▶ [WHAT YOU HAVE TO DO]:
Go through the data and copy every line exactly, but not the images.

▶ [DATA BLOCK]:
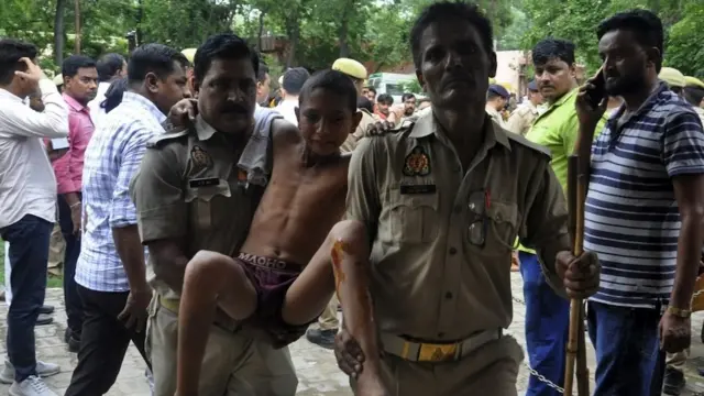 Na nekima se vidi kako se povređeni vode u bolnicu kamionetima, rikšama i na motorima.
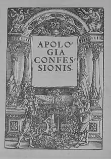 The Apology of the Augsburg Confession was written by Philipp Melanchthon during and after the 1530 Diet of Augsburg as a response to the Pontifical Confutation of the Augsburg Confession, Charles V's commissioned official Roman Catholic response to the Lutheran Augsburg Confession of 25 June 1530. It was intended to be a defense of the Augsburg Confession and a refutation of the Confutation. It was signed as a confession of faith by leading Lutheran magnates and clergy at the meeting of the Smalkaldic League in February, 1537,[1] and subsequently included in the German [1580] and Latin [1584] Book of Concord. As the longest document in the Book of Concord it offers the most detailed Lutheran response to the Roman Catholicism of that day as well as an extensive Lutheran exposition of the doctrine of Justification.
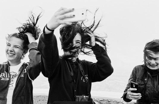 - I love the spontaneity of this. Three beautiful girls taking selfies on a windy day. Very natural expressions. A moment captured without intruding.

▶ [TASK RESULT]:
 Na nekima se vidi kako se povređeni vode u bolnicu kamionetima, rikšama i na motorima.
 The Apology of the Augsburg Confession was written by Philipp Melanchthon during and after the 1530 Diet of Augsburg as a response to the Pontifical Confutation of the Augsburg Confession, Charles V's commissioned official Roman Catholic response to the Lutheran Augsburg Confession of 25 June 1530. It was intended to be a defense of the Augsburg Confession and a refutation of the Confutation. It was signed as a confession of faith by leading Lutheran magnates and clergy at the meeting of the Smalkaldic League in February, 1537,[1] and subsequently included in the German [1580] and Latin [1584] Book of Concord. As the longest document in the Book of Concord it offers the most detailed Lutheran response to the Roman Catholicism of that day as well as an extensive Lutheran exposition of the doctrine of Justification.
 - I love the spontaneity of this. Three beautiful girls taking selfies on a windy day. Very natural expressions. A moment captured without intruding.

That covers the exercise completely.